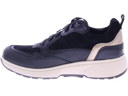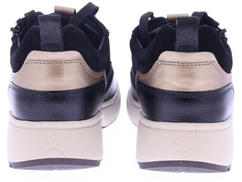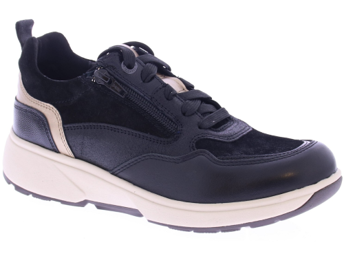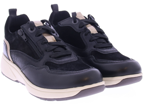 Zwart leren dames sneaker van Xsensible. Deze sneaker is gemaakt van superzacht leer de zachte kussentjes aan de rand van de schacht worden gecombineerd met appliqués in contrastkleuren en glanzende metallic details. Dankzij de rits aan de zijkant is de sneaker gemakkelijk aan- en uit te trekken. Deze schoen is uitgevoerd als de door Xsensible ontwikkelde "stretchwalker". Deze is gebaseerd op een houten balansslipper uit Japan en zorgt voor een natuurlijke en gezonde lichaamshouding. In combinatie met perfecte demping, stabiliteit en stevige grip geeft deze schoen u de meest comfortabele loopervaring. De sneaker heeft een uitneembaar voetbed en een bredere pasvorm.
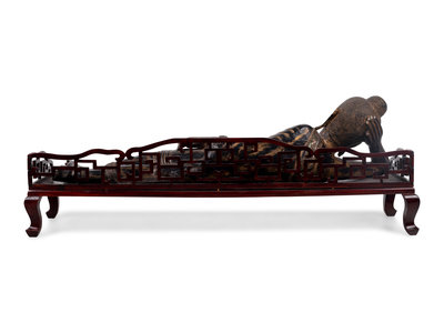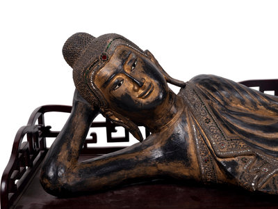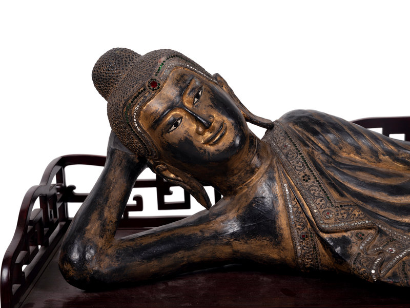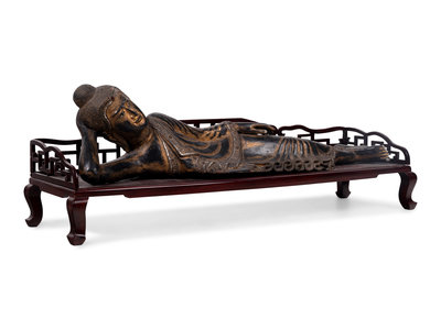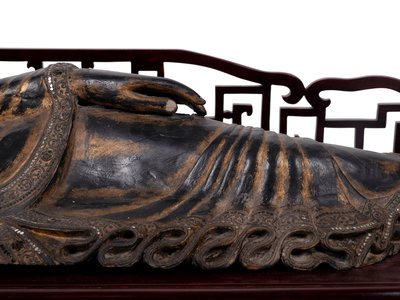 A Thai Gilt Decorated Black Lacquered Wood Figure of Reclining Buddha
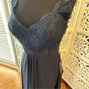 NWT Izidress Navy Lace-Detail Maxi Dress with Scoop Neck Sz M

§ **PROBLEM STATEMENT**:
Would you set down the material exactly as it stands, without the pictures?

§ **REPLY**:
 Zwart leren dames sneaker van Xsensible. Deze sneaker is gemaakt van superzacht leer de zachte kussentjes aan de rand van de schacht worden gecombineerd met appliqués in contrastkleuren en glanzende metallic details. Dankzij de rits aan de zijkant is de sneaker gemakkelijk aan- en uit te trekken. Deze schoen is uitgevoerd als de door Xsensible ontwikkelde "stretchwalker". Deze is gebaseerd op een houten balansslipper uit Japan en zorgt voor een natuurlijke en gezonde lichaamshouding. In combinatie met perfecte demping, stabiliteit en stevige grip geeft deze schoen u de meest comfortabele loopervaring. De sneaker heeft een uitneembaar voetbed en een bredere pasvorm.
 A Thai Gilt Decorated Black Lacquered Wood Figure of Reclining Buddha
 NWT Izidress Navy Lace-Detail Maxi Dress with Scoop Neck Sz M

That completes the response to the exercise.